La vulnerabilità CVE-2026-42945 in NGINX ha smesso di essere teorica. È stato rilevato un exploit attivo in ambienti reali che provoca il collasso dei processi worker, causando denial of service. Il rischio potenziale di esecuzione remota di codice (RCE) rende questa falla una minaccia seria per gli amministratori di server web.
Dettagli tecnici del fallo in NGINX 🛡️
La vulnerabilità risiede nella gestione di richieste HTTP malformate. L'exploit forza una condizione di gara nella memoria condivisa dei worker, causando un segmentation fault.
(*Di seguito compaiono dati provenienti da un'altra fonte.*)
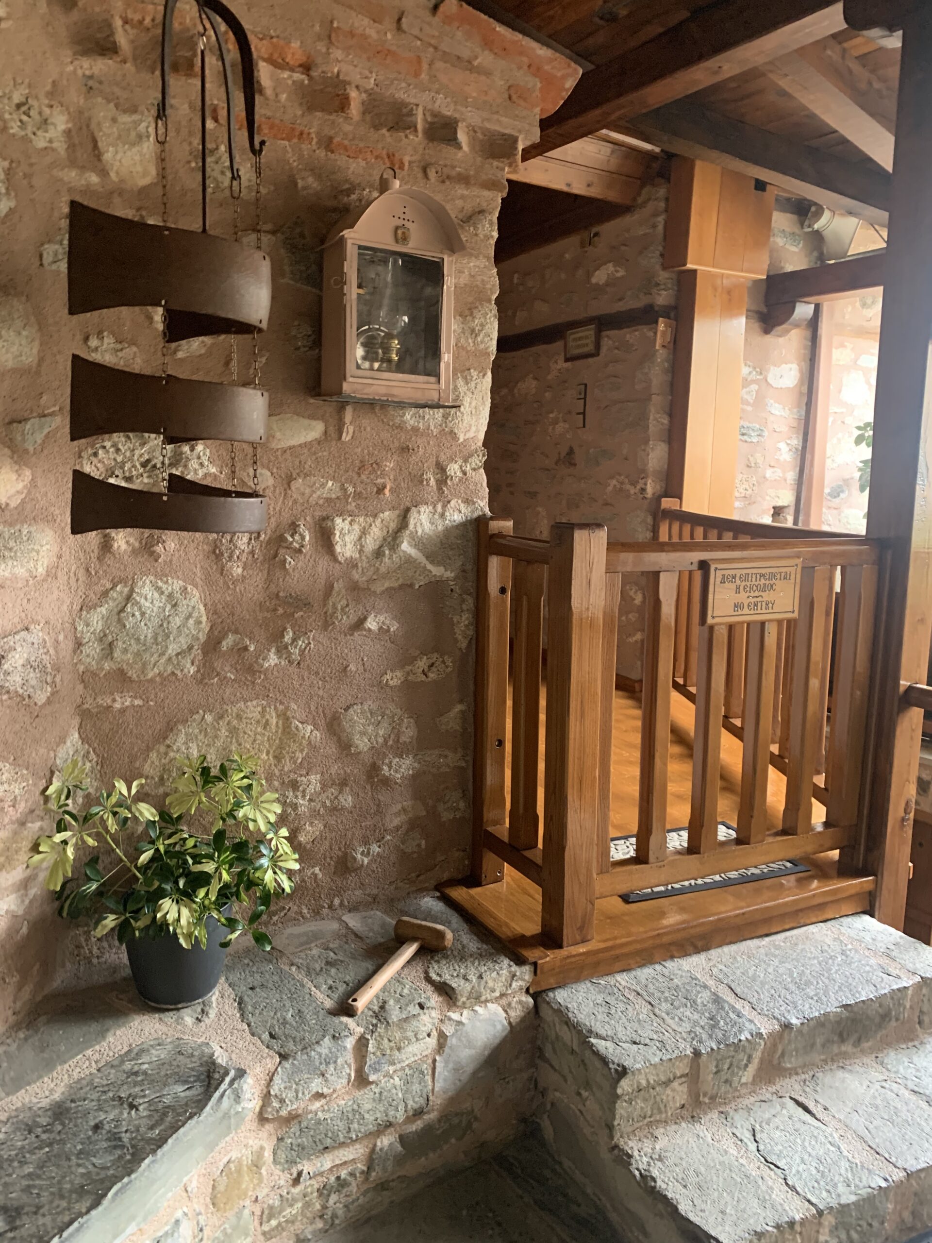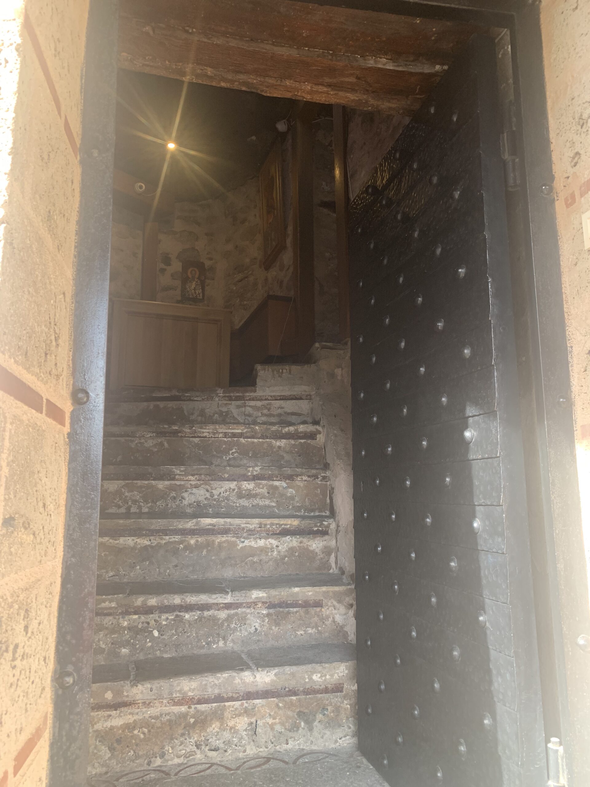 After a few more steps, we made it to the top and paid 3 euros a person to enter the monastery. Inside, we saw the gift shop and then headed into the church, where photos and videos were prohibited. Then, we walked around the courtyard and saw a bell with a cross on top. The monastery was small and there wasn’t much to see. We spent 30 minutes (15 minutes to view the monastery and 15 minutes to walk up and down the steps).

Sebbene l'attacco principale sia DoS, le ricerche indicano che la corruzione della memoria potrebbe consentire RCE. Le versioni interessate includono NGINX 1.24.x e 1.25.x senza le recenti patch di sicurezza. Si consiglia di aggiornare alla versione 1.26.1 o applicare la patch di mitigazione.
Il worker che si prende una pausa non programmata 😅
Sembra che alcuni worker di NGINX abbiano deciso di scioperare senza preavviso. Invece di servire pagine, preferiscono collassare elegantemente di fronte a una richiesta malevola. È come se il cameriere, vedendo un cliente sospetto, lasciasse cadere il vassoio e se ne andasse a casa. Meno male che è solo un guasto tecnico e non una scusa per non lavorare il lunedì.